Data in this exercise

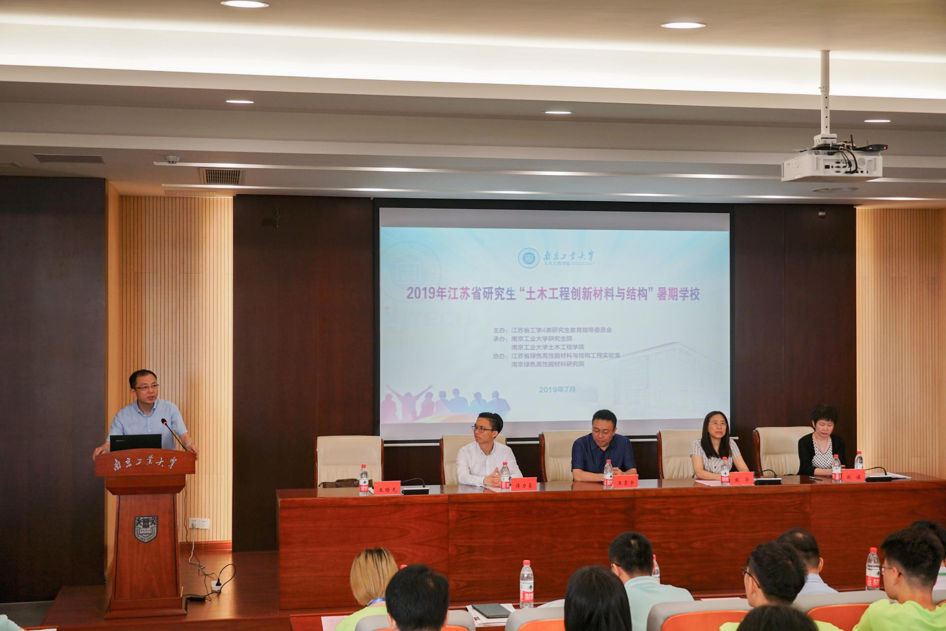 7月16日上午,2019年江苏省研究生“土木工程创新材料与结构”暑期学校开学典礼在白菜官网土木学科楼208报告厅举行。哈尔滨工业大学教授王震宇,北京航空航天大学博士后研究员谭力豪,研究生院副院长张华,999论坛白菜大全党委书记欧谨、院党委副书记丁贤、副院长王璐,以及暑期学校精品特色课程授课教师和全体学员参加本次开学典礼。开学典礼由999论坛白菜大全院长王曙光主持。
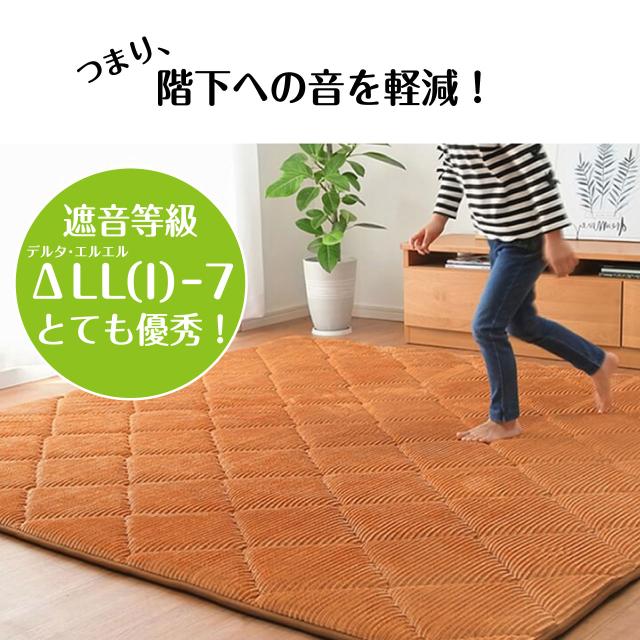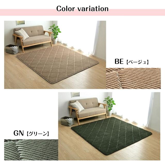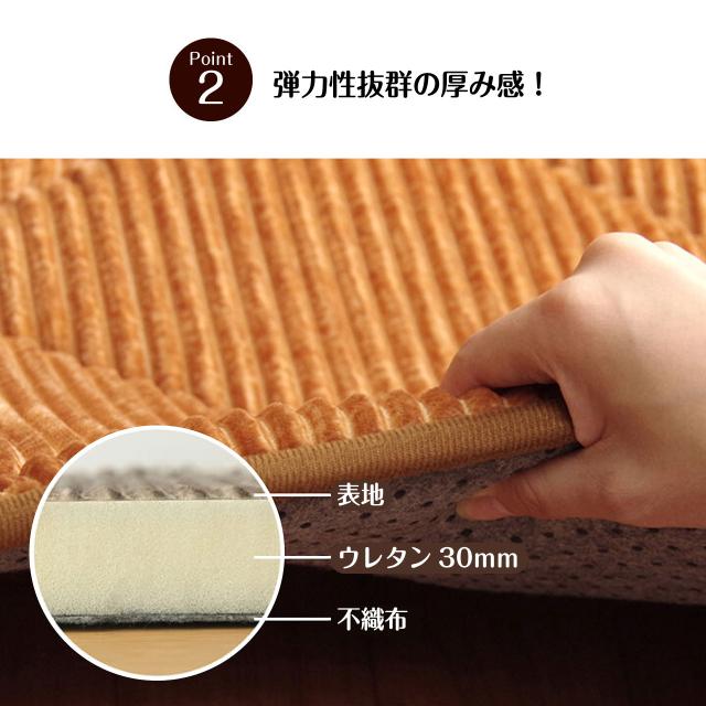 8色から選べるコーデュロイ調のカーペット。中材に30mmのウレタンフォームを使用、下階に音が響きにくい防音効果があります。ホットカーペットにも対応、こたつ敷布団としてもオススメ!
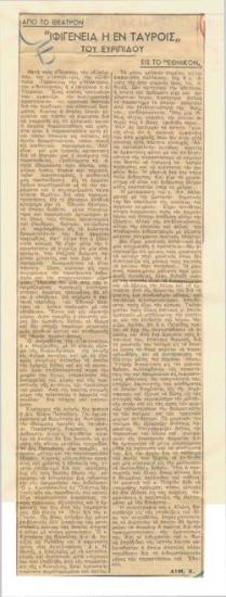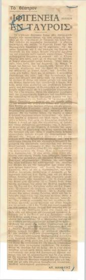 Opening of the winter season. National Theatre, Euripides' "Iphigenia in Tauris"
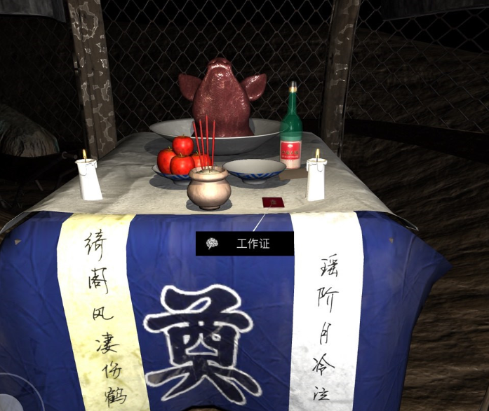 工作证这个线索位于出生地右边的灵堂上。
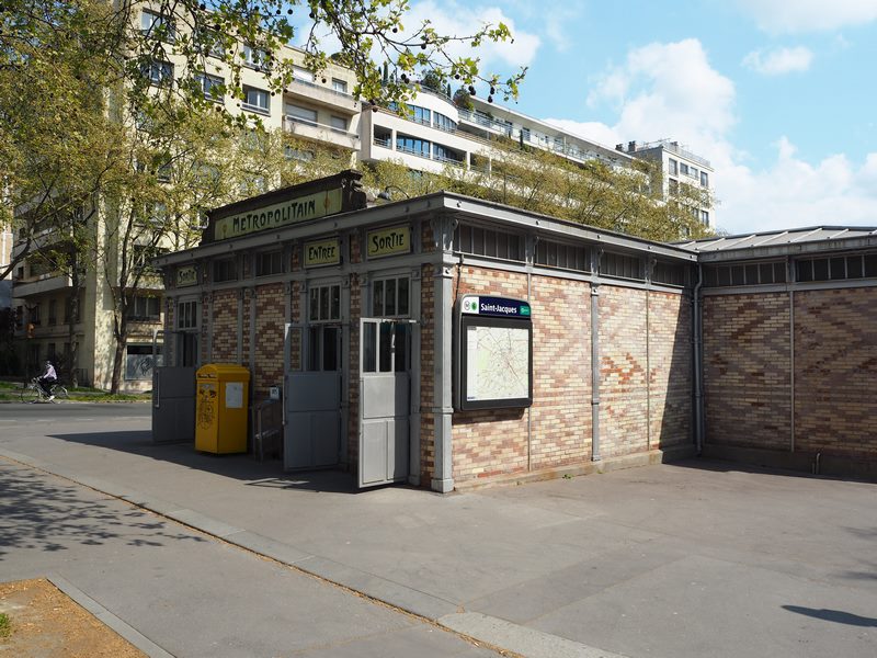 La station de métro Saint-Jacques est située sur la Ligne 6 du métro de Paris. L’unique accès se trouve sur le terre-plein central du boulevard du même nom. Sa particularité : il s’agit de l’une des rares stations à posséder un édicule de type “châlet” au-dessus des voies. On doit l’édicule de cette petite station à Jean-Camille Formigé. On y trouve un motif en briques de couleurs, et des écritures qui rappellent les motifs floraux si chers au mouvement Art Nouveau.
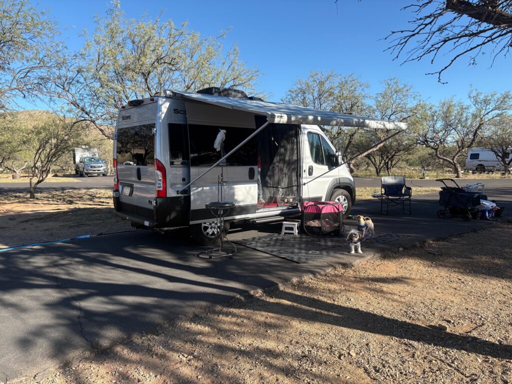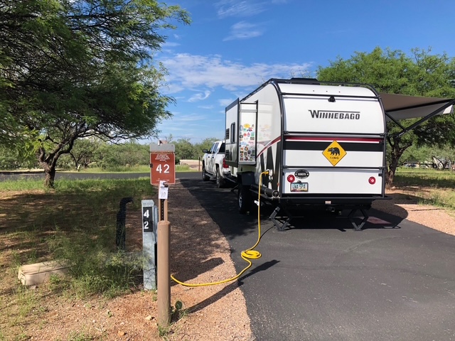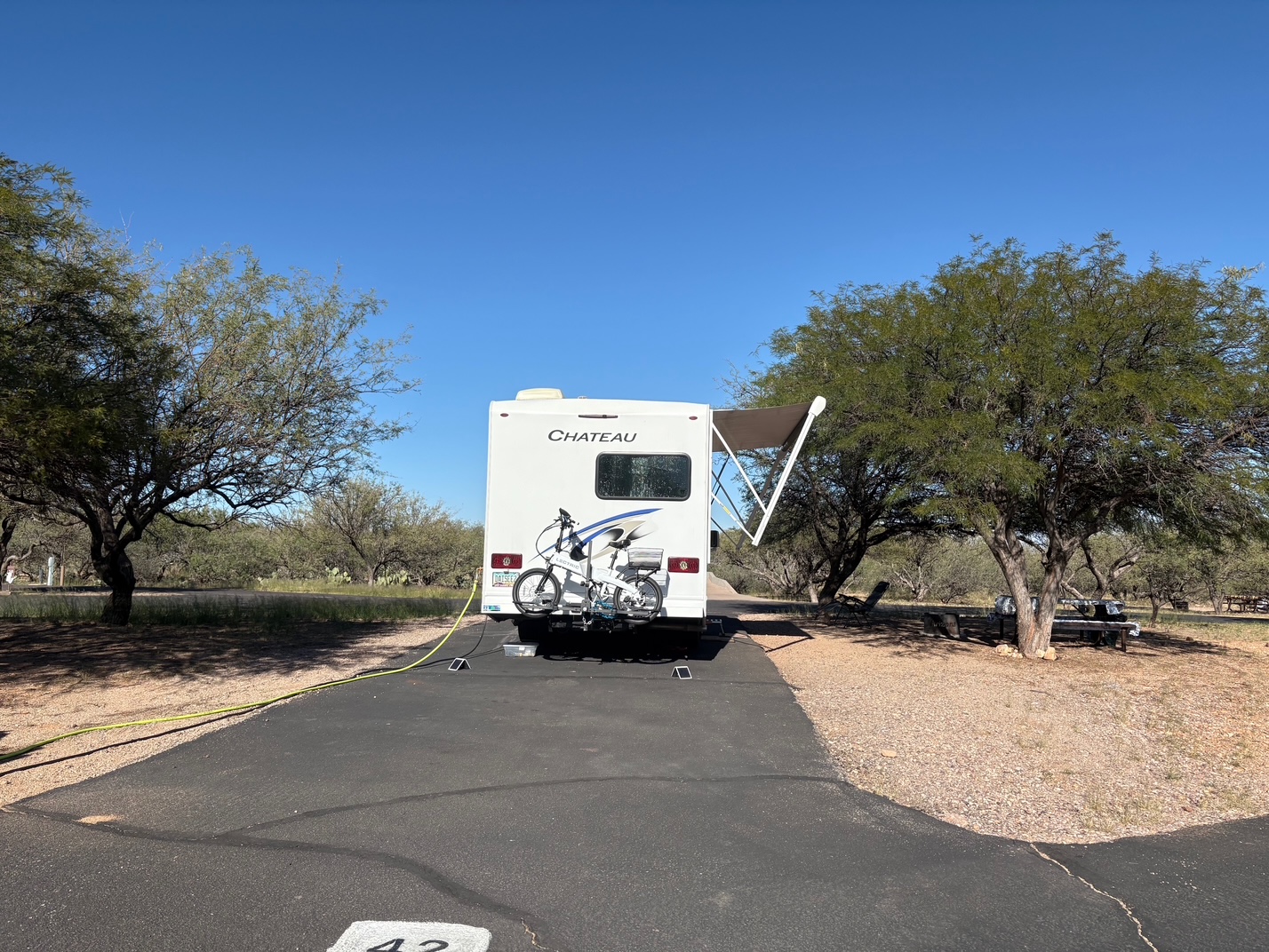 Got to Kartchner at 12:30, left at 9:30. Here is my first picture! I ate my salad in the overflow parking lot, but my site was available. I’m blogging at 2:30. Electric and water attached. Fans running. No need for A/C at this point. I love it here!
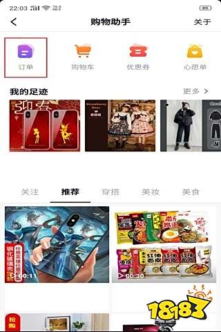 4、进入到购物助手界面之后就可以找到“订单”功能,如下图。
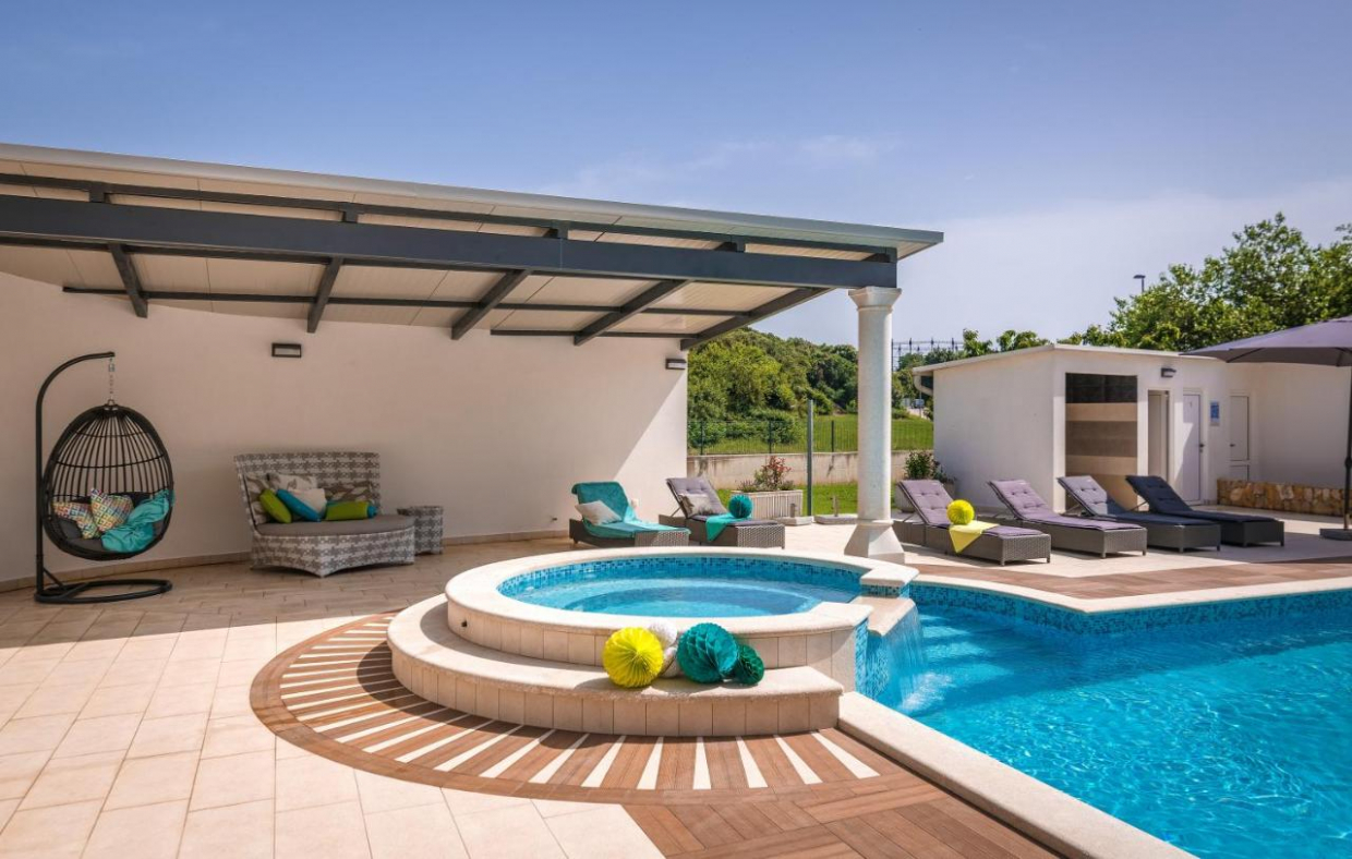 In Lozovac there is a detached house with modern architecture and functional room layout with swimming pool and a total...
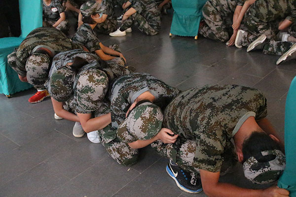 “眾志成城”。所有隊員在最短的時間內完成任務,同時坐下,同時起立。
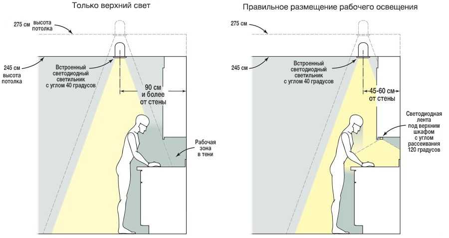 На кухне есть две основные зоны с разным назначением — рабочая зона для приготовления пищи и обеденная зона. Для каждой требуется разное освещение: в рабочей зоне должно быть более яркое освещение, а в обеденной — более мягкое.
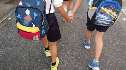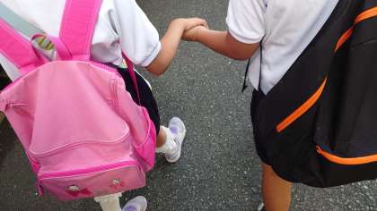 仲良くお隣通しで手を繋いで進んでいく1年生!なんともかわいい姿ですね。
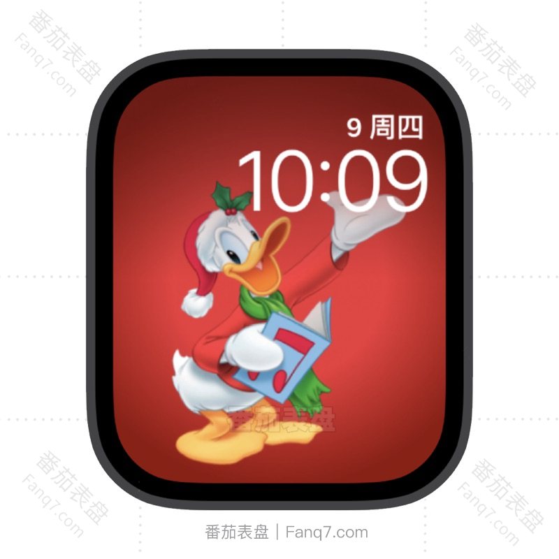 红色背景穿着圣诞节服装的唐老鸭苹果iwatch壁纸表盘.watchface
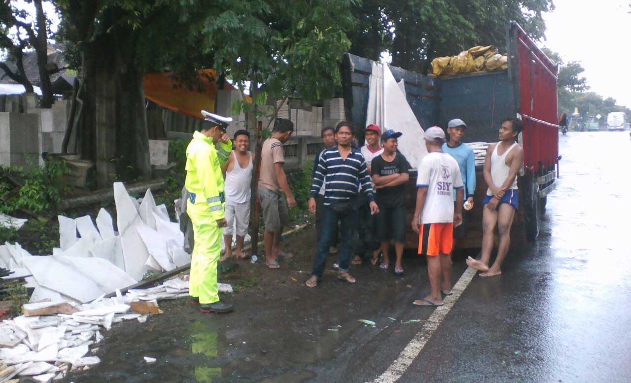 jatimnow.com - Truk bermuatan keramik marmer granit DK 9413 FH terguling di Jalan Raya Pantura Desa Sumberanyar, Kecamatan Wongorejo, Banyuwangi, Sabtu (3/2/2018).
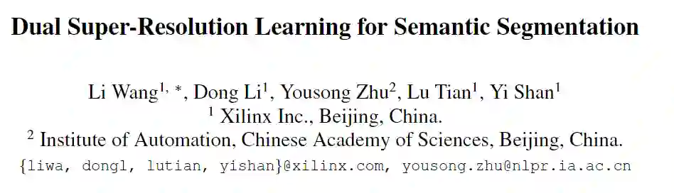 论文地址:http://openaccess.thecvf.com/content_CVPR_2020/papers/Wang_Dual_Super-Resolution_Learning_for_Semantic_Segmentation_CVPR_2020_paper.pdf
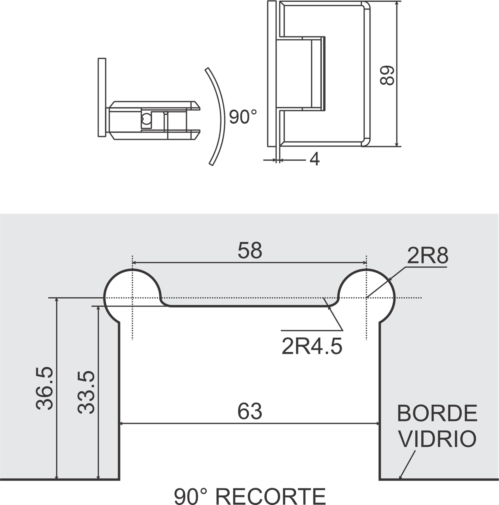 / Bisagra muro a cristal desfasada
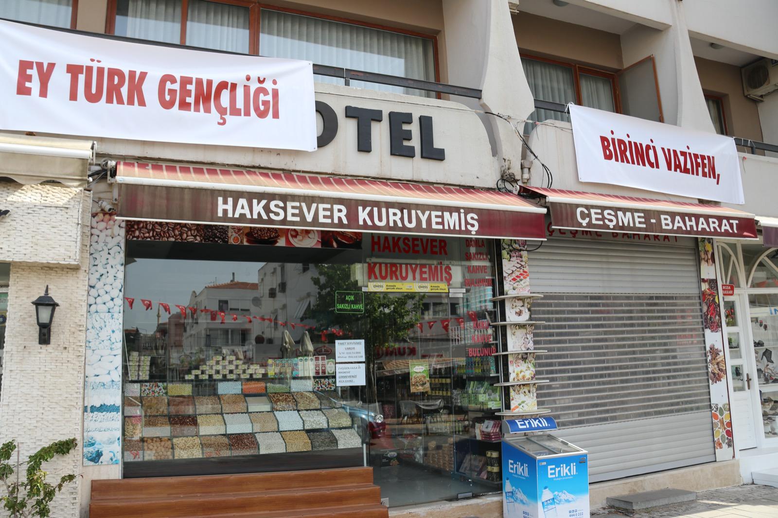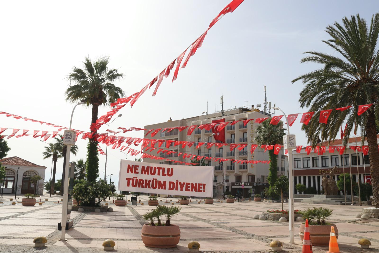 Çeşme Belediyesi 19 Mayıs Atatürk’ü Anma Gençlik ve Spor Bayramı öncesi sokakları ve caddeleri “Atatürk’ün Gençliğe Hitabesi” sözlerinin yazılı olduğu pankartlarla ve Türk Bayraklarıyla süsledi.

Try it
Nothing but the lines from the one that holds "jatimnow.com - Truk" through the end of the data should appear, written out exactly, without pictures.

Exercise answer
 jatimnow.com - Truk bermuatan keramik marmer granit DK 9413 FH terguling di Jalan Raya Pantura Desa Sumberanyar, Kecamatan Wongorejo, Banyuwangi, Sabtu (3/2/2018).
 论文地址:http://openaccess.thecvf.com/content_CVPR_2020/papers/Wang_Dual_Super-Resolution_Learning_for_Semantic_Segmentation_CVPR_2020_paper.pdf
 / Bisagra muro a cristal desfasada
 Çeşme Belediyesi 19 Mayıs Atatürk’ü Anma Gençlik ve Spor Bayramı öncesi sokakları ve caddeleri “Atatürk’ün Gençliğe Hitabesi” sözlerinin yazılı olduğu pankartlarla ve Türk Bayraklarıyla süsledi.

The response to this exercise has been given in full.